Читать «Последний Новик. Том 2» онлайн - страница 140

Иван Иванович Лажечников

Все слажено к вечеру двадцать девятого. В этот роковой вечер должна решиться судьба Паткуля.

Вот план заговора: Роза каждое утро и вечер посещает заключенного; ее пропустят, по обыкновению. За корсетом у ней две пилы: одною рушатся железы на пленнике, другою – слабая решетка из двух связей у окна тюремного. Бечевку, которую она прикрепит под свое платье, спустят в окно. Внизу, у стен тюремных, Фриц привяжет к концу бечевки веревочную лестницу. Бойкие лошади расставлены, где нужно; дежурный офицер, неподкупный ни с какой стороны, употчеван вином. Стража, которая, по расчислению времени, должна стоять у дверей Паткулевой комнаты и под окном ее, у стен тюремных, предалась всею душою заговорщикам. Побег обеспечен: Никласзон устлал дорогу червонцами.

Главное дело должна совершить Роза. Приступая к нему, она падает на колена и, подняв к небу полные слез глаза, молит Бога об успехе. „Дай мне спасти его! – восклицает она. – И потом я умру спокойно! Мне, мне будет мой Фишерлинг обязан своим спасением; он вспомнит обо мне хоть тогда, когда меня не станет; он скажет, что никто на свете не любил его, как я!”

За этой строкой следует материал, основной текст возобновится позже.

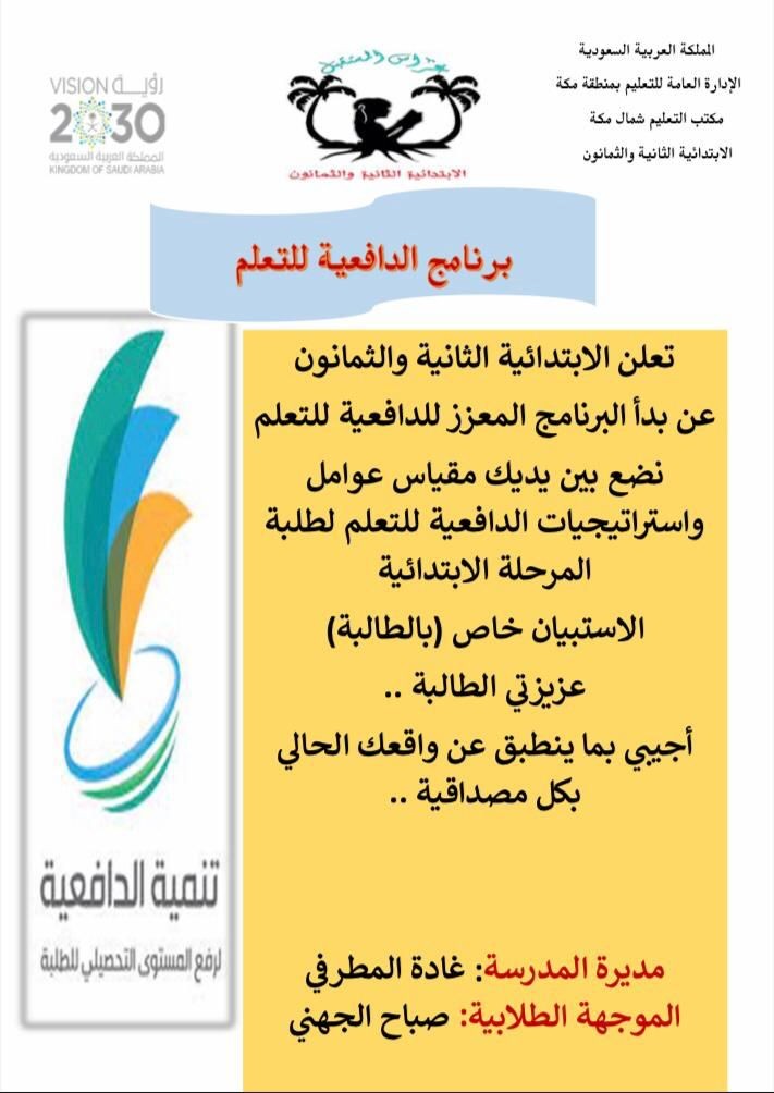 فعلت الابتدائية الثانية والثمانون التابعة لمكتب تعليم شمال مكة بالإدارة العامة للتعليم بمنطقة مكة المكرمة يومي الإثنين والثلاثاء الموافق 16-17/ 5/ 1443هـ ، برنامجاً إرشادياُ بعنوان المعزز لدافعية التعلم من قبل المرشدة الطلابية صباح الجهني، وبمتابعة من مديرة المدرسة غادة المطرفي.
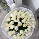 A bouquet of 51 white roses is a universal and status option for significant events. White roses symbolize sincerity, respect and purity of intentions, so this bouquet is suitable for both personal and official occasions. The dense round shape and minimalistic packaging make the composition neat, modern and appropriate in any context. A bouquet of 51 white roses is often chosen for a birthday, anniversary, marriage proposal, wedding, discharge from the hospital, gratitude or apology. It is also suitable for business occasions: congratulations from partners, managers, clients, as well as for official events and celebrations. The composition is made from fresh premium white roses with a dense bud and lasts up to 7-10 days with proper care. The neutral color scheme can easily be combined with any interior and event style.
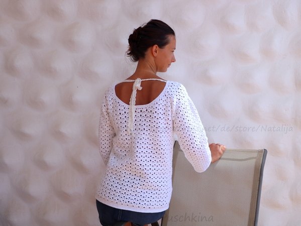 Sommer Pullover mit Bändern zum binden am Rücken.
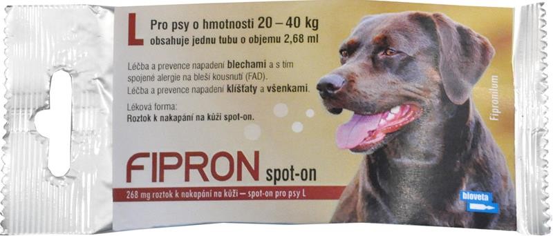 FIPRON 268 mg SPOT-ON roztok pro nakapání na kůži je antiparazitikum pro léčbu a prevenci napadení blechami a klíšťaty u psů a pro léčbu a kontrolu alergie na bleší kousnutí (FAD) u psů. Účinnost proti napadení blechami po dobu 2 měsíců, proti přisátí klíšťaty po dobu 1 měsíce. Balení obsahuje 1 pipetu.

Было к девяти часам вечера. Роза подходит к тюрьме; сердце у ней бьется необыкновенно. Она сказывает пароль страже у входа; ее пропускают. Но в караульне навстречу ей дежурный капитан, исполин, плечистый, рыжеволосый, отекший от вина. Огонь, горевший в сальной плошке, бросал полусвет кругом себя и только изредка, забрав вдруг пищи в светильню, ярко вспыхивал. Тогда выставлялись ломаными чертами то изувеченное в боях лицо ветерана, изображавшее охуждение и грусть, то улыбка молодого его товарища, искосившего сладострастный взгляд на обольстительную девушку, то на полном, глупом лице рекрута страх видеть своего начальника, а впереди гигантская пьяная фигура капитана, поставившего над глазами щитом огромную, налитую спиртом руку, чтобы видеть лучше пред собою, и, наконец, посреди всех бледное, но привлекательное лицо швейцарки, резко выходившее изо всех предметов своими полуизмятыми прелестями, страхом и нетерпением, толпившимися в ее огненных глазах, и одеждою, чуждою стране, в которой происходила сцена. Но когда свет в плошке, ослабевая, трепетал, как крылья приколотой бабочки, тогда все фигуры погружались в какую-то смешанную, уродливую группу, которая представляла скачущую сатурналию и над нею господствующую широкую тень исполина-капитана.

„Милости просим, милости просим, залетная райская пташка! – сказал он, устремив на девушку помутившиеся взоры. – Что к нам после зари попало в западню, то наше по всем правам… черт меня побери, да я такой красотки давно не видал!”

„Ваше благородие! – сказала Роза голосом, в котором выражались смущение и боязнь подпасть гневу ее властителя. – Позвольте мне к заключенному… вам известно… я, презренная тварь, люблю… связи давнишние…”

„Ого! знаем все ваши шашни! – прервал, смеясь во все горло, капитан. – Только что вышел от превосходительного нашего арестанта целитель душ, как является врач… Гм! гм! Ну, конечно, оно легче отправляться на тот свет. Чтобы меня самый главный из чертей, барон, граф, князь-черт заполонил, коли я лгу! Если бы мне пришлось знать свою смерть за несколько часов, я сделал бы наоборот”.